Пенелопа томно уронила Джойса на постель, втянула руку под одеяло и погрузила замерзшие пальцы в теплую пещерку между собственным животом и подтянутыми к нему вплотную коленями.
— Пенелопа, — тихо позвана мать за спиной свернувшейся калачиком, неподвижной дщери. — Пенелопа!
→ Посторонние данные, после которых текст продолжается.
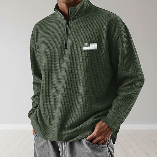 Per uomo Bandiera Americana Felpa Moda Quotidiano Classico Casual Collo alla coreana Zip a un quarto All'aperto Casa Ufficio Lavoro Nero Blu Marrone Verde Grigio Con zip Autunno Inverno progettista S

О это дурацкое имя! Длинное и неудобное, как капроновый чулок. Чулки в эпоху колготок, панталоны в эру бикини. Вот именно, панталоны. Пан-та-ло-ны. Пе-не-ло-па. Даже сократить невозможно, не называться же Пеней или Лопой. Почти пень или лопата. Нет уж, лучше длинно и занудно — П-е-н-е-л-о-п-а.
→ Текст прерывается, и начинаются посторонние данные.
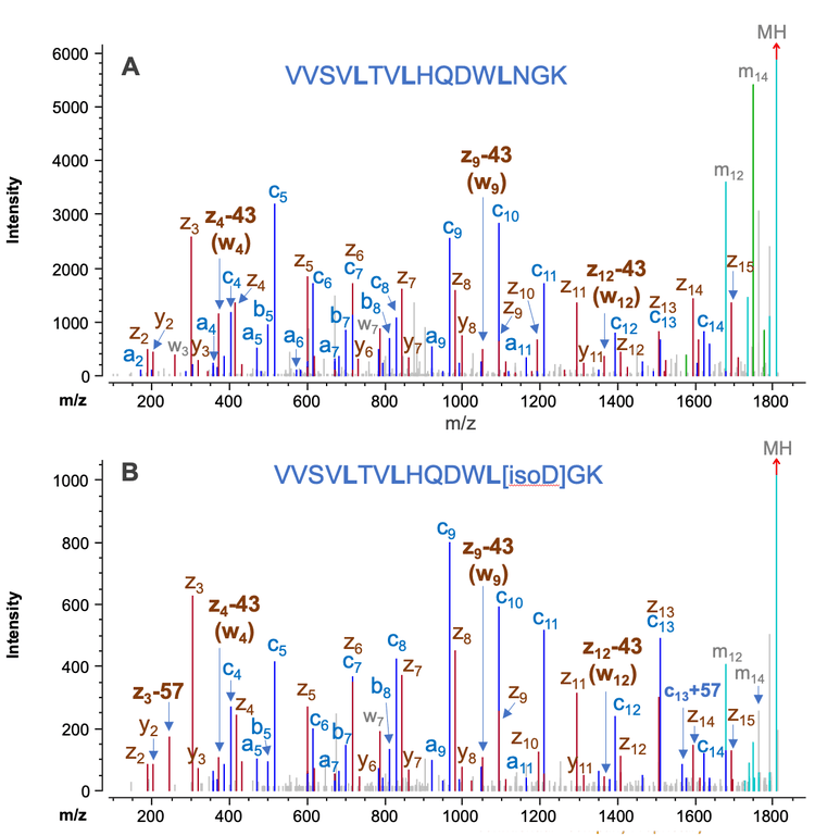The isomerization of amino acid residues, particularly when occurring in the complementarity-determining regions (CDRs), can affect the structure and function of biotherapeutics.8 Therefore, the differentiation of amino acid isomers is essential for sequence confirmation to ensure the safety and efficacy of the drug products. Additionally, isomeric residues, such as Leu and Ile, are involved in amino acid substitutions of SVs.1-3 The presence of SVs in biotherapeutics raises concerns for the biopharmaceutical industry and regulatory agencies. 1-3 The determination of the exact identity of Leu or Ile will provide critical information for process development to control the level of the SVs containing these residues.

— Пенелопа, — снова позвала мать. — Ты спишь?
Голос ее звучал робко, наверняка сейчас опять о чем-нибудь попросит. Покараулить свет, например. Как будто папа не может поставить на плитку кастрюлю с картошкой. Картошка в мундире, чего проще. Так нет, надо вовлечь в трудовую деятельность весь околоток, эта женщина просто не способна спокойно лицезреть кого-либо, гуляющего на свободе, будь она той киплинговской дамой, никакая кошка у нее не болталась бы сама по себе, а работала как лошадь.
— Пенелопа, — сказала мать в третий, если не четвертый раз.
Пенелопа со вздохом перекрутилась в постели лицом к двери.
— Ну чего тебе? — спросила она строго, изучая материнский облик.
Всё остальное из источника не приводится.